On Mon, Feb 8, 2016 at 2:41 PM, Chris Barker
Just to clarify -- what does it currently do for bytes? IIUC, Windows uses UTF-16, so can you pass in UTF-16 bytes? Or when using bytes is is assuming some Windows ANSI-compatible encoding? (and what does it return?)

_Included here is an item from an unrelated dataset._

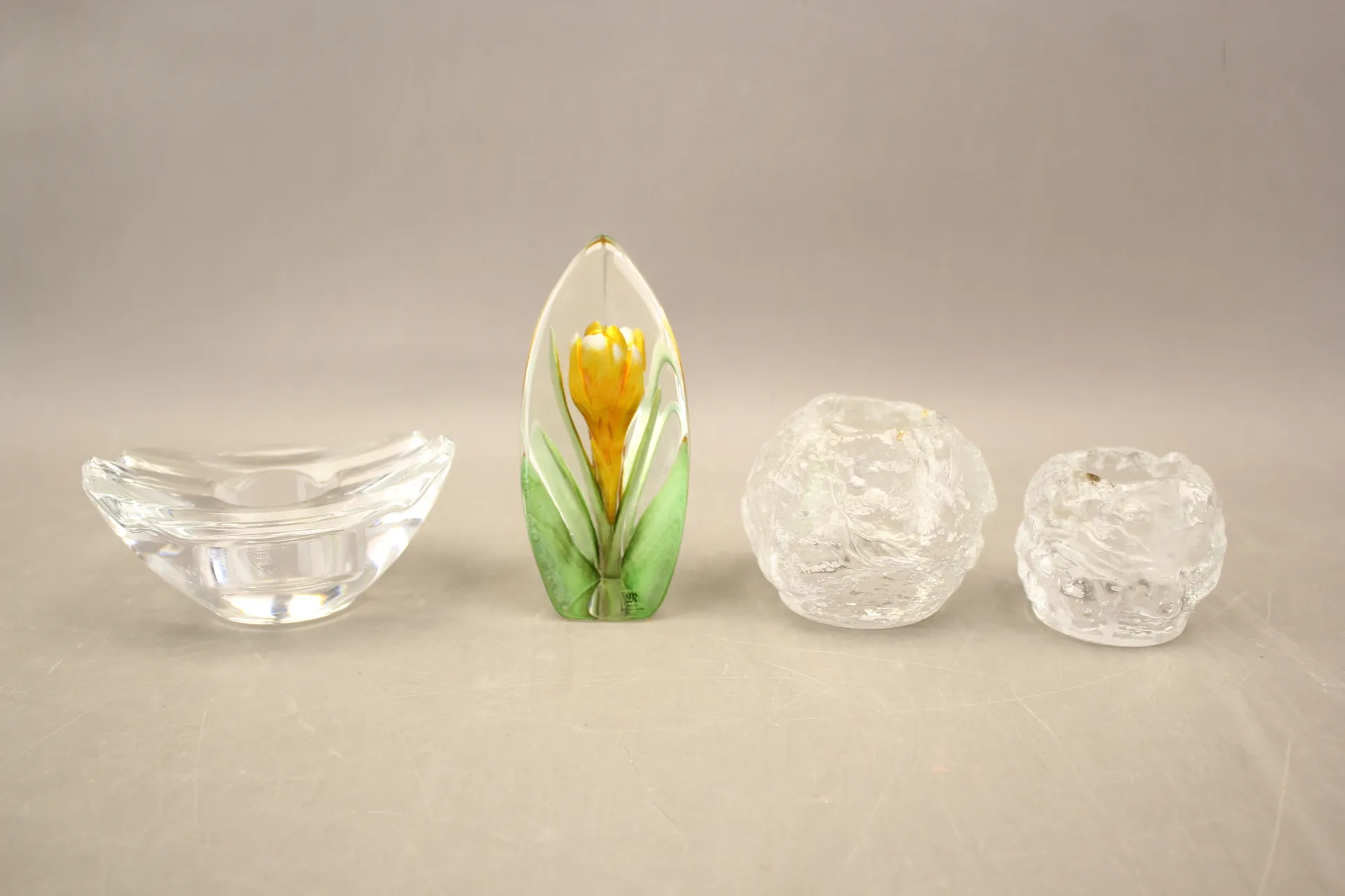 299. Ljuslyktor 3 st och glaskonst bla mats Jonasson
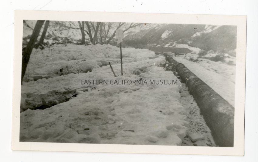 Photo is of a pipe running through snow. Trees and mountains visible. Possibly at or near the Lone Pine Creek intake. Found in an envelope labeled, "Lone Pine water system, intake from Lone Pine Creek" in blue ink and "a very cold and snowy winter" written in pencil.Collection

UTF-16 is used in the [W]ide-character API. Bytes paths use the [A]NSI codepage. For a single-byte codepage, the ANSI API rountrips, i.e. a bytes path that's passed to CreateFileA matches the listing from FindFirstFileA. But for a DBCS codepage arbitrary bytes paths do not roundtrip. Invalid byte sequences map to the default character. Note that an ASCII question mark is not always the default character. It depends on the codepage. For example, in codepage 932 (Japanese), it's an error if a lead byte (i.e. 0x81-0x9F, 0xE0-0xFC) is followed by a trailing byte with a value less than 0x40 (note that ASCII 0-9 is 0x30-0x39, so this is not uncommon). In this case the ANSI API substitutes the default character for Japanese, '・' (U+30FB, Katakana middle dot). >>> locale.getpreferredencoding() 'cp932' >>> open(b'\xe05', 'w').close() >>> os.listdir('.') ['・'] >>> os.listdir(b'.') [b'\x81E'] All invalid sequences get mapped to '・', which roundtrips as b'\x81\x45', so you can't reliably create and open files with arbitrary bytes paths in this locale.